15 Citations (Scopus)

Abstract

Molybdenum oxides (MoOx) have shown interesting catalytic and electronic properties for various applications in recent years. However, they are typically synthesized via hydrothermal and solvothermal methods that have a low production yield of less than 1 g per batch. In this study, we developed a large-scale production and continuous process of MoO3 particles by utilizing an ultrasonic spray pyrolysis technology that allows the production rate of MoO3 particles at 4.5 g/h. The size and phase structure of the MoO3 particles were significantly affected by the pyrolysis temperature and concentration of precursor solution used. The as-synthesized MoO3 particles were reduced to MoO2 particles by H2 treatment at 700 °C for 3 h. Partial oxidation reaction was studied to test the catalytic performance of both the MoO3 and MoO2 particles using n-dodecane as a fuel. The MoO3 particles showed 45.3% of H2 yield and 74.1% of carbon conversion.
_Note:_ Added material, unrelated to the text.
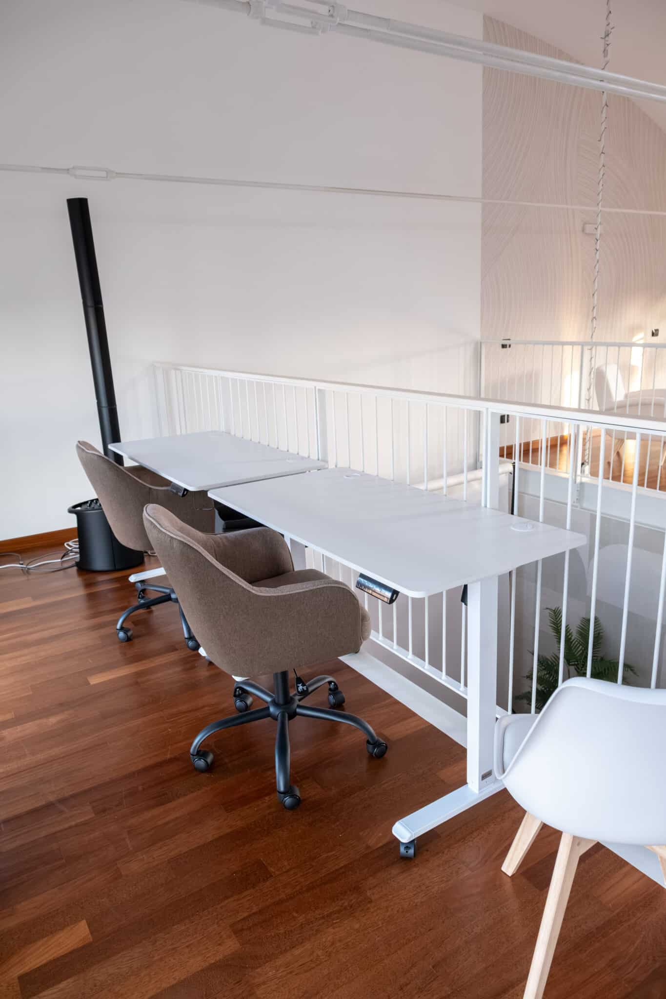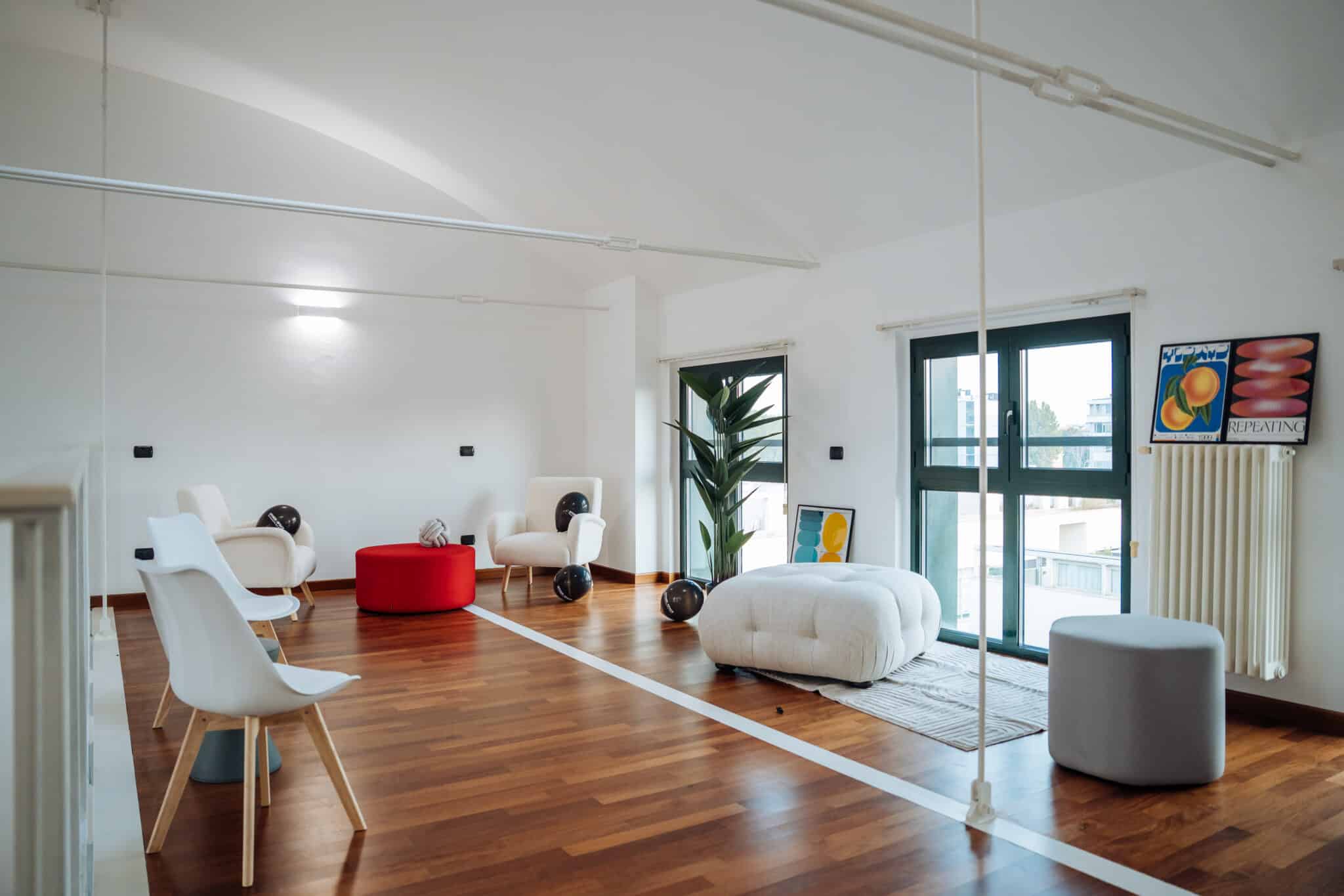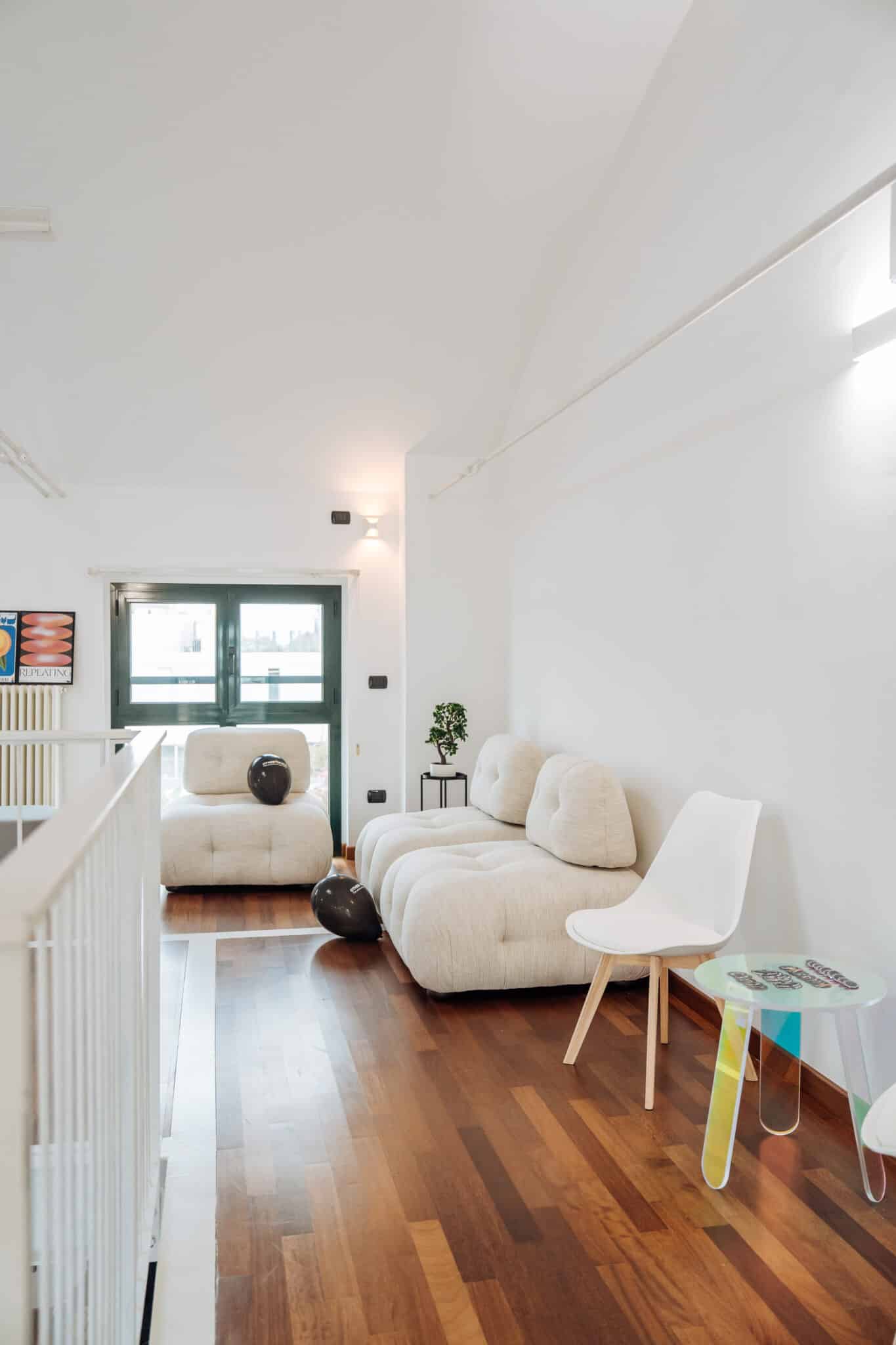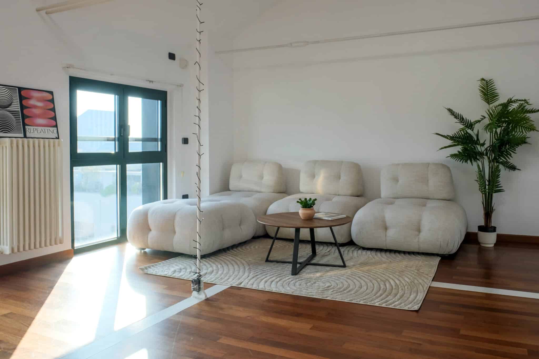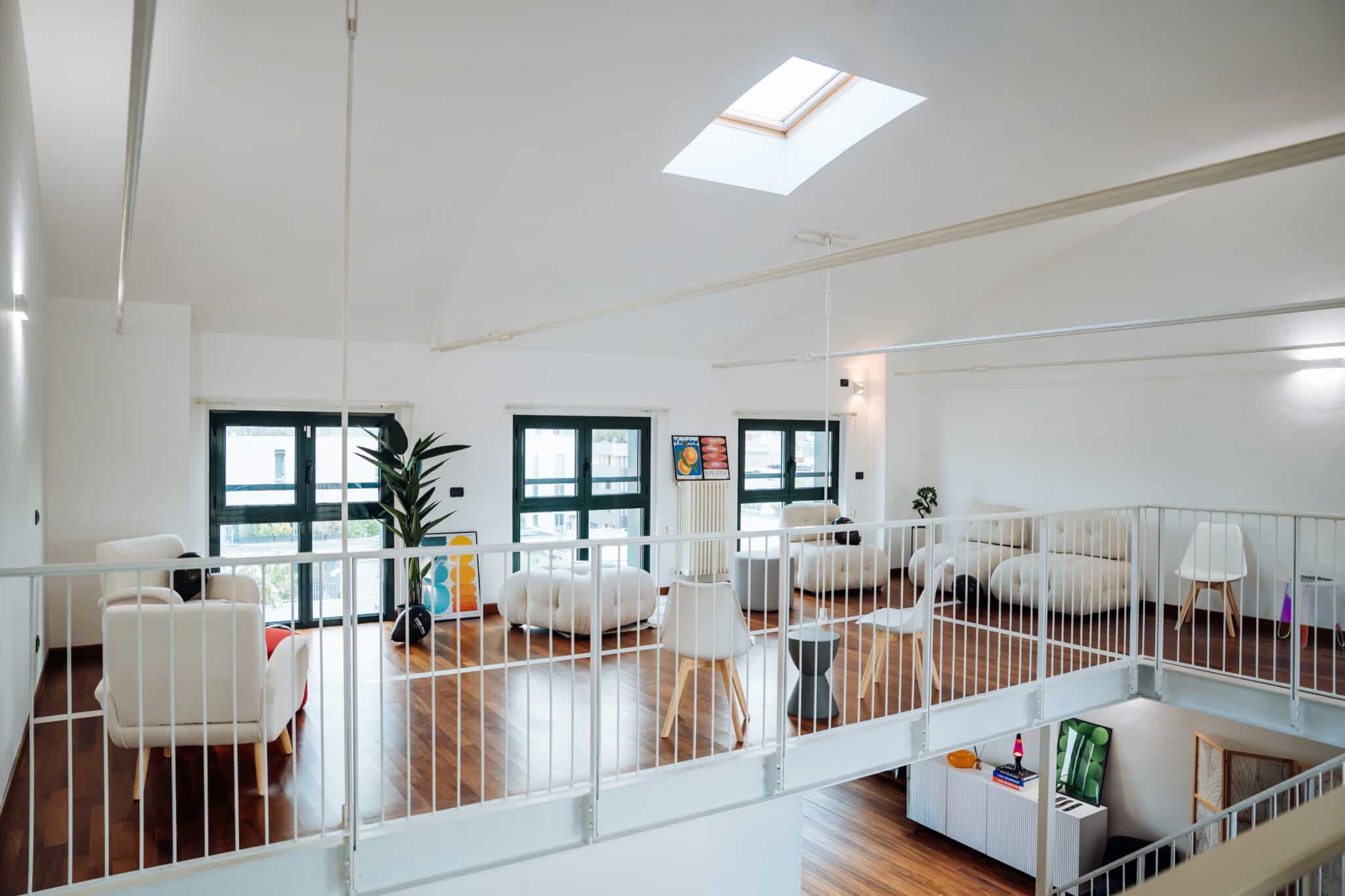 Gli arredi di design, essenziali e mobili, accompagnano senza vincolare: divani modulari, sedute, poltrone e postazioni di lavoro si spostano facilmente per dare ritmo a workshop, brainstorming o allestimenti espositivi.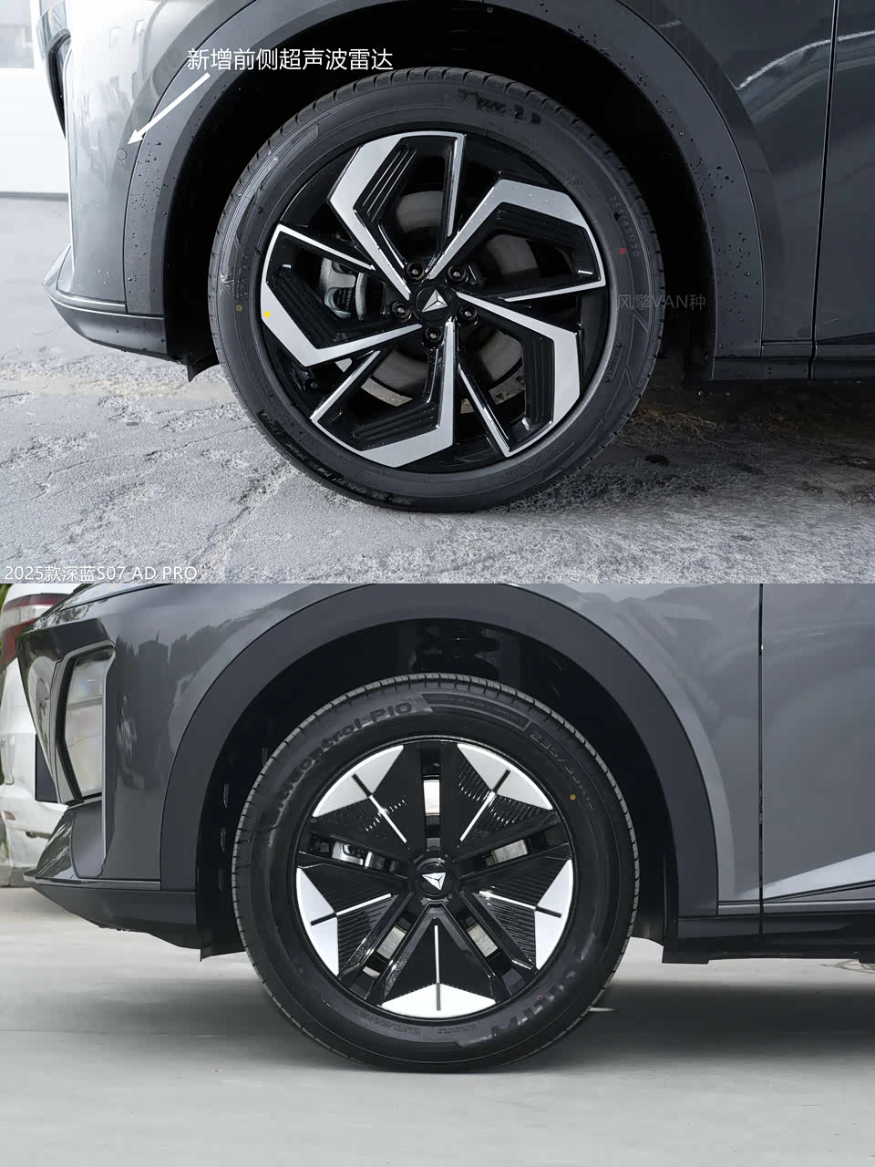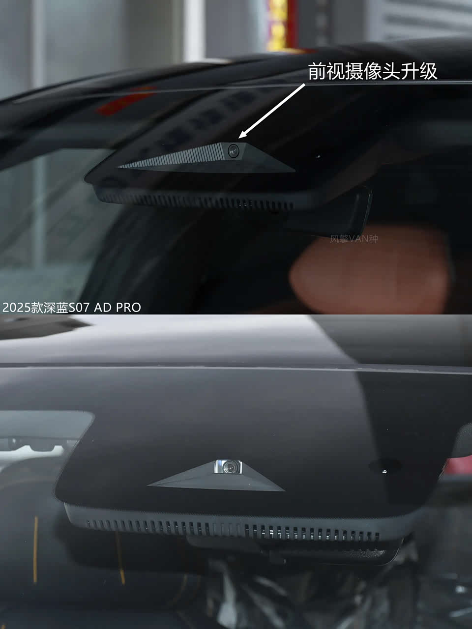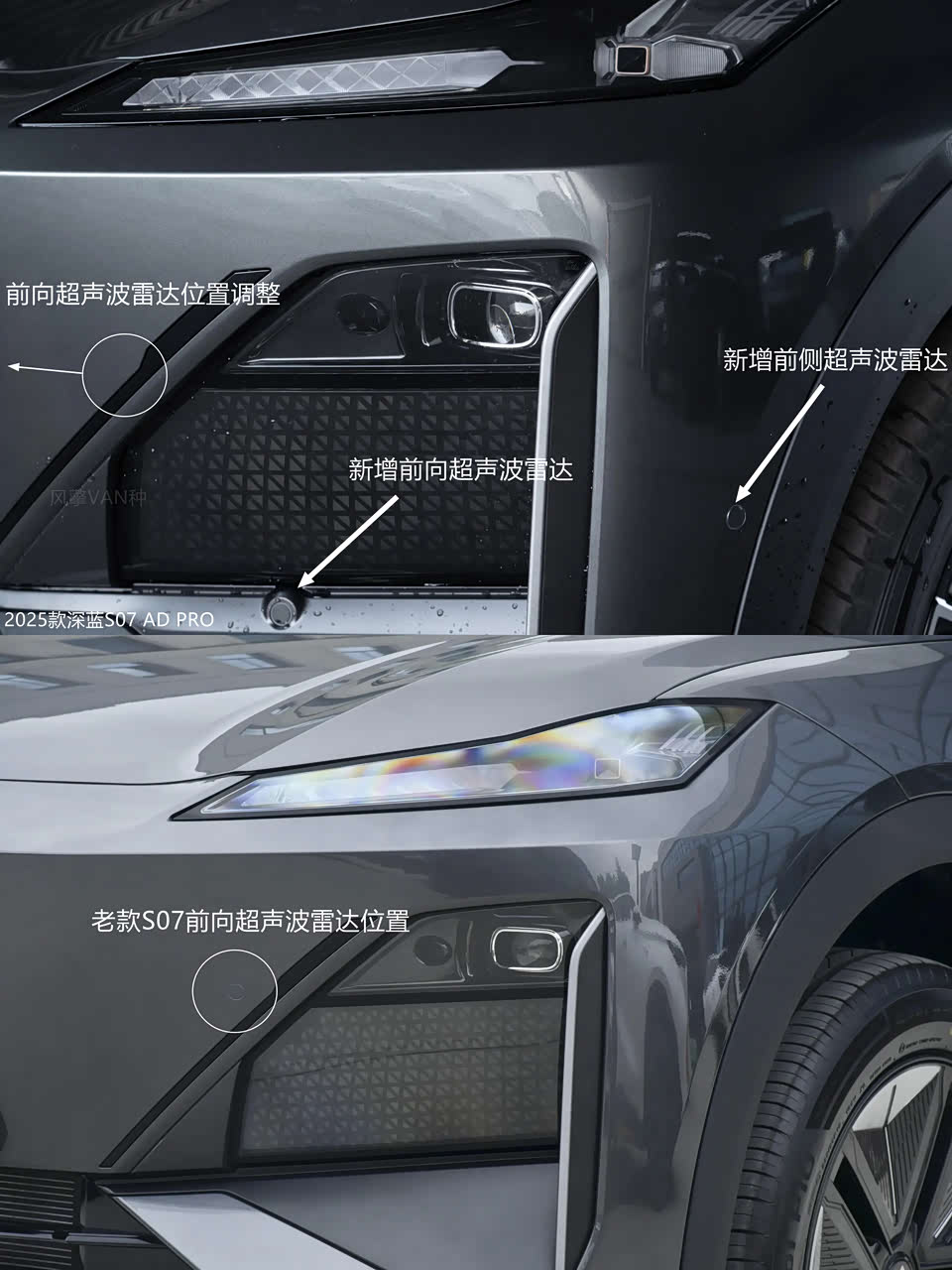 【硬件全面升级:2025款深蓝S07同角度对比】2025款深蓝S07日前迎来上市,作为年度小改款车型,2025款深蓝S07在售价不变的前提下标配了DEEPAL AD PRO智驾辅助系统,整车智驾硬件迎来全面升级,摄像头数量保持不变,超声波雷达增加6部,毫米波雷达增加2部,智驾硬件达到了5V5R12U,较老款深蓝S07标准版有明显提升,新增了高速智驾领航辅助NOA、城区智能变道以及离车泊入等功能。

After reduction, however, the MoO2 particles showed 60.8% of H2 yield and 87.4% of carbon conversion, which shows higher performance than that of commercial MoO2.

Original languageEnglish
Pages (from-to)276-283
Number of pages8
JournalJournal of Analytical and Applied Pyrolysis
Volume112
DOIs
Publication statusPublished - 2015 Mar 1

Keywords

  • Large-scale production and continuous process
  • Molybdenum dioxide (MoO)
  • Molybdenum trioxide (MoO)
  • Partial oxidation of n-dodecane
  • Ultrasonic spray pyrolysis

ASJC Scopus subject areas

  • Chemistry(all)
  • Chemical Engineering(all)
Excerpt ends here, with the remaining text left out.